## Data shown
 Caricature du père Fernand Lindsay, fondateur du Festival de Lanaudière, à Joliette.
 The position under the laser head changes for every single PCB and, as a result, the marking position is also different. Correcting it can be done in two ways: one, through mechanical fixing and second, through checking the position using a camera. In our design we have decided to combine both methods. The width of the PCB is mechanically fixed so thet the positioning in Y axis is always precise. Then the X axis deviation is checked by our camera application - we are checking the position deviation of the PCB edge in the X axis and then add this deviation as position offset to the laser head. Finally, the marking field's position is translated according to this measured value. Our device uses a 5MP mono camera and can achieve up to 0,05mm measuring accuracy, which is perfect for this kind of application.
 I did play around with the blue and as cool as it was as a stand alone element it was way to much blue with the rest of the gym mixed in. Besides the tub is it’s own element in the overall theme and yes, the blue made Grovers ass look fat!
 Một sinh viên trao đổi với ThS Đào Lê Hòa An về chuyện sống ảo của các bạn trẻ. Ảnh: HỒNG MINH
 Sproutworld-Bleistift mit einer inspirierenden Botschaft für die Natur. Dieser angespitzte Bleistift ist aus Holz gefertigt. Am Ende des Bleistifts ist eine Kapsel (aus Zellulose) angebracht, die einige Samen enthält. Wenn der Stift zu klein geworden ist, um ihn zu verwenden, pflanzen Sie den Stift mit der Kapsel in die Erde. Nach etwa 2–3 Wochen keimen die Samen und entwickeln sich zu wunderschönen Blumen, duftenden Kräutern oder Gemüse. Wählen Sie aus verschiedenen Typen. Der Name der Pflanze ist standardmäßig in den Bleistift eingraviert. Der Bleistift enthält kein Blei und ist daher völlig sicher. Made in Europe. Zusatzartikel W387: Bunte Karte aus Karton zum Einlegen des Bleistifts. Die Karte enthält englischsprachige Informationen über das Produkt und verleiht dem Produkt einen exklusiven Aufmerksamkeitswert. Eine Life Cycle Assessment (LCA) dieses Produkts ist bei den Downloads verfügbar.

--

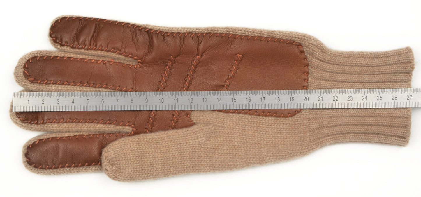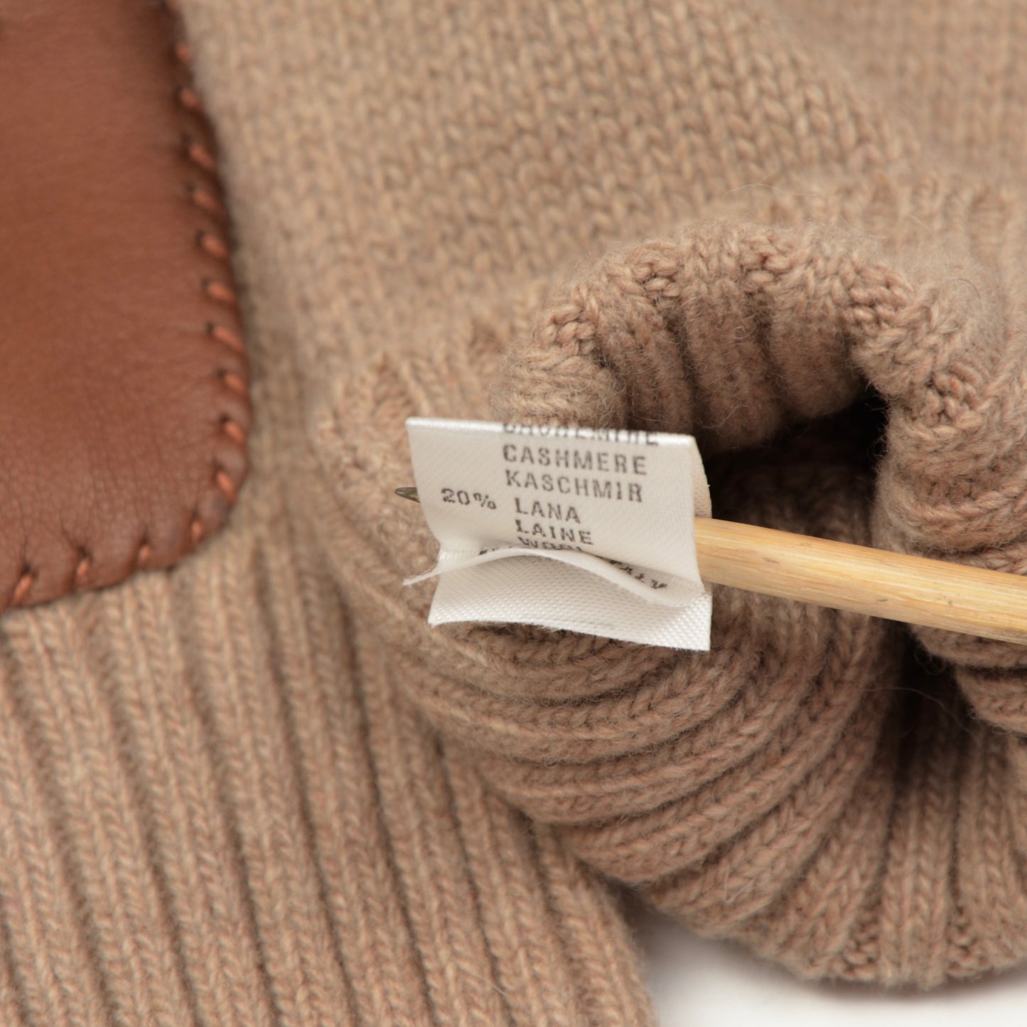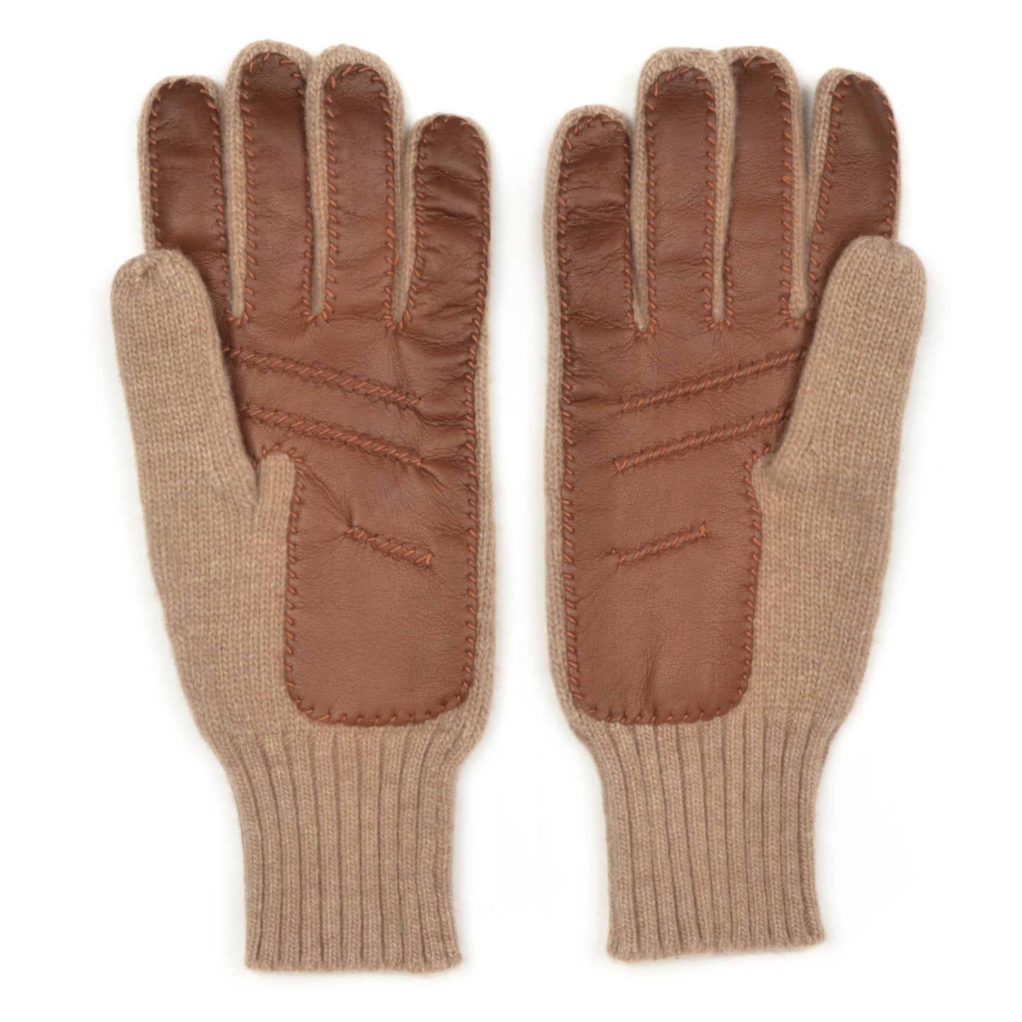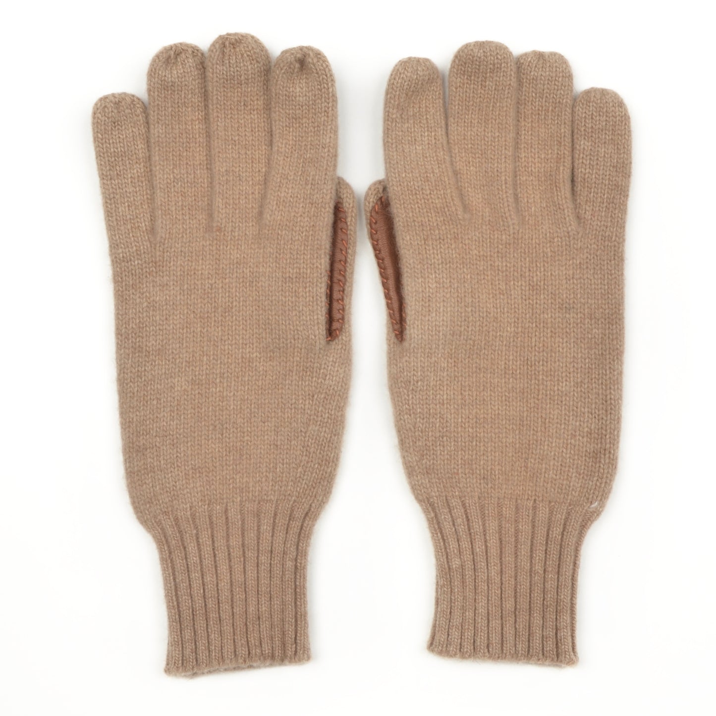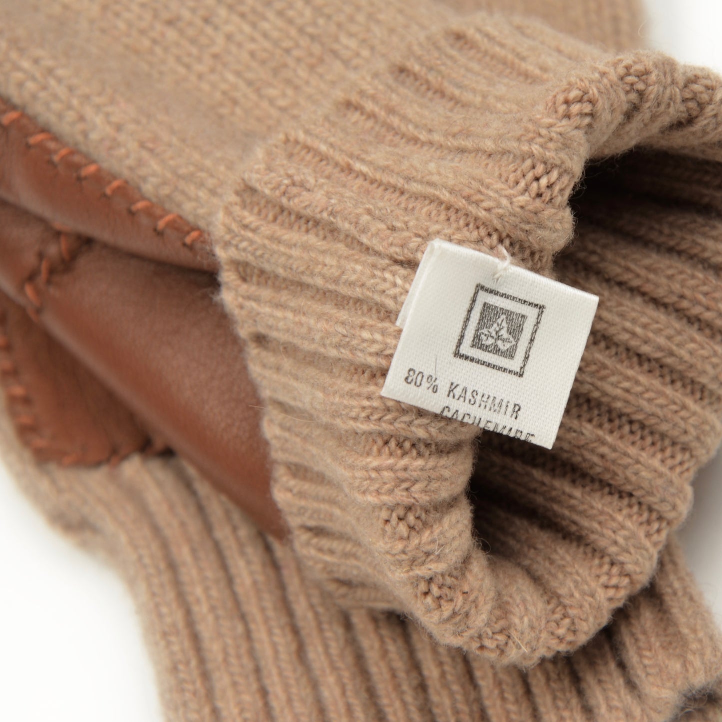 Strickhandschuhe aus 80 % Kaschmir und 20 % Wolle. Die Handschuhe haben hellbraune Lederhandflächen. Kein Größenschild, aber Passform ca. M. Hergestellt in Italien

* * *

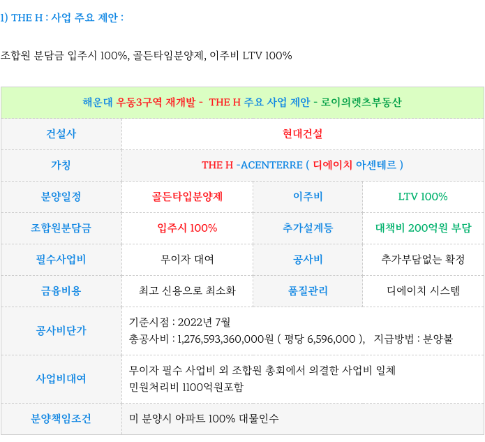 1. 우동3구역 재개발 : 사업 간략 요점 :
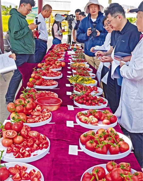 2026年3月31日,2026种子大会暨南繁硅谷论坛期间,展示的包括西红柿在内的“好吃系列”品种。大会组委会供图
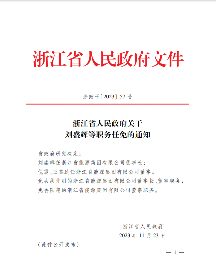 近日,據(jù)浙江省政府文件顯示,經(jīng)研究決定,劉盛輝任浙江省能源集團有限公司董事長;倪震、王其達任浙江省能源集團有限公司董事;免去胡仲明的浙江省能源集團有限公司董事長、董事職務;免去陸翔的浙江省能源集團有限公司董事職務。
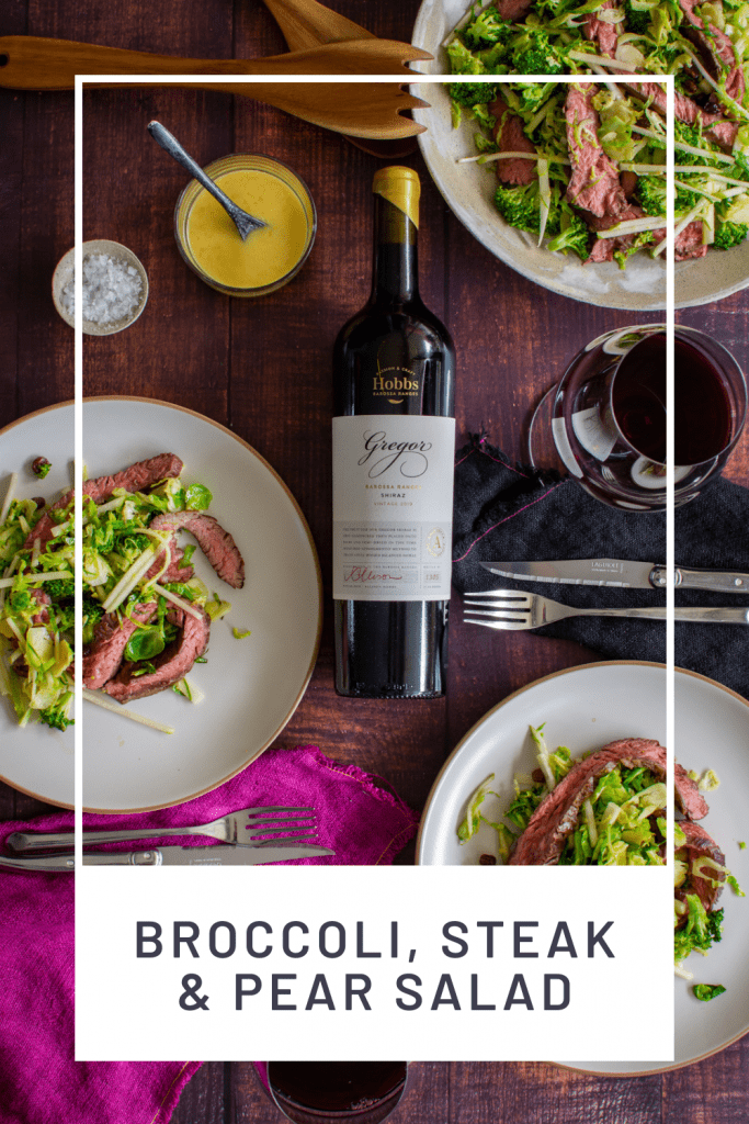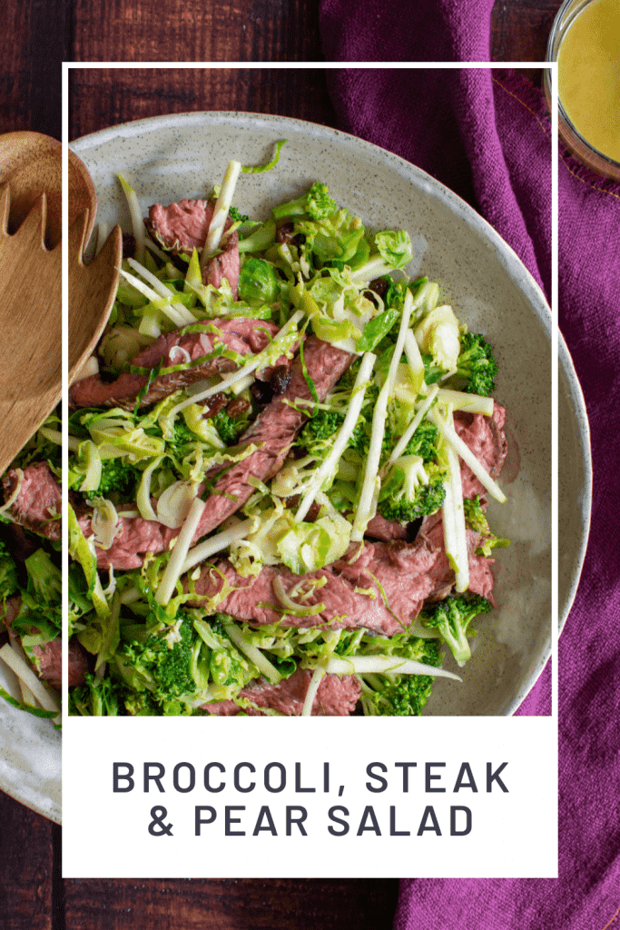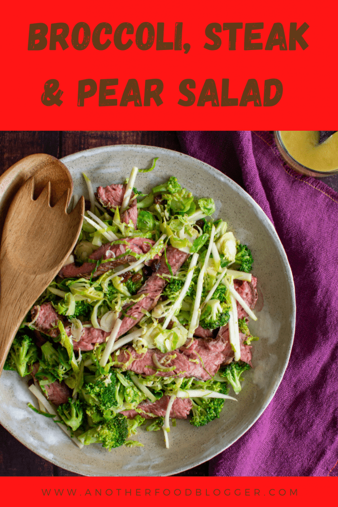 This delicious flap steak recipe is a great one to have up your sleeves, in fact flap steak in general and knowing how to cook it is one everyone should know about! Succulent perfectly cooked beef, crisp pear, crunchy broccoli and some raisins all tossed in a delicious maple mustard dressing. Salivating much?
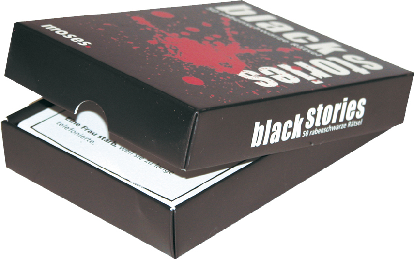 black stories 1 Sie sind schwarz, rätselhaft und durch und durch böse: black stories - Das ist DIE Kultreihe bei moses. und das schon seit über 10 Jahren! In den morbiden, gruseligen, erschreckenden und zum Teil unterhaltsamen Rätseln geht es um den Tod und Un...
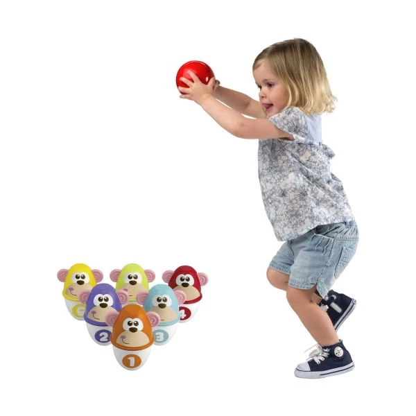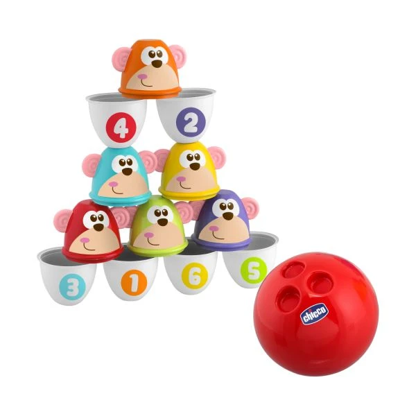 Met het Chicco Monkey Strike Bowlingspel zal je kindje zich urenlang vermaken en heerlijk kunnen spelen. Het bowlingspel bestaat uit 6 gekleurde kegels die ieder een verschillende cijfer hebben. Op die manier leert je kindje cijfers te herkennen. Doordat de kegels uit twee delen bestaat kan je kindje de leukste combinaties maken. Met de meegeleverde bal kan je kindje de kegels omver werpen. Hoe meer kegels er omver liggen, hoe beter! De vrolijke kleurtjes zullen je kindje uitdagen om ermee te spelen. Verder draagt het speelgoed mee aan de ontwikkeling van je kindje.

## Work task
In the listing above, find the line containing "black stories 1" and the line containing "Met het Chicco", then output those two lines and everything between them exactly as written, without the images.

## Your solution
 black stories 1 Sie sind schwarz, rätselhaft und durch und durch böse: black stories - Das ist DIE Kultreihe bei moses. und das schon seit über 10 Jahren! In den morbiden, gruseligen, erschreckenden und zum Teil unterhaltsamen Rätseln geht es um den Tod und Un...
 Met het Chicco Monkey Strike Bowlingspel zal je kindje zich urenlang vermaken en heerlijk kunnen spelen. Het bowlingspel bestaat uit 6 gekleurde kegels die ieder een verschillende cijfer hebben. Op die manier leert je kindje cijfers te herkennen. Doordat de kegels uit twee delen bestaat kan je kindje de leukste combinaties maken. Met de meegeleverde bal kan je kindje de kegels omver werpen. Hoe meer kegels er omver liggen, hoe beter! De vrolijke kleurtjes zullen je kindje uitdagen om ermee te spelen. Verder draagt het speelgoed mee aan de ontwikkeling van je kindje.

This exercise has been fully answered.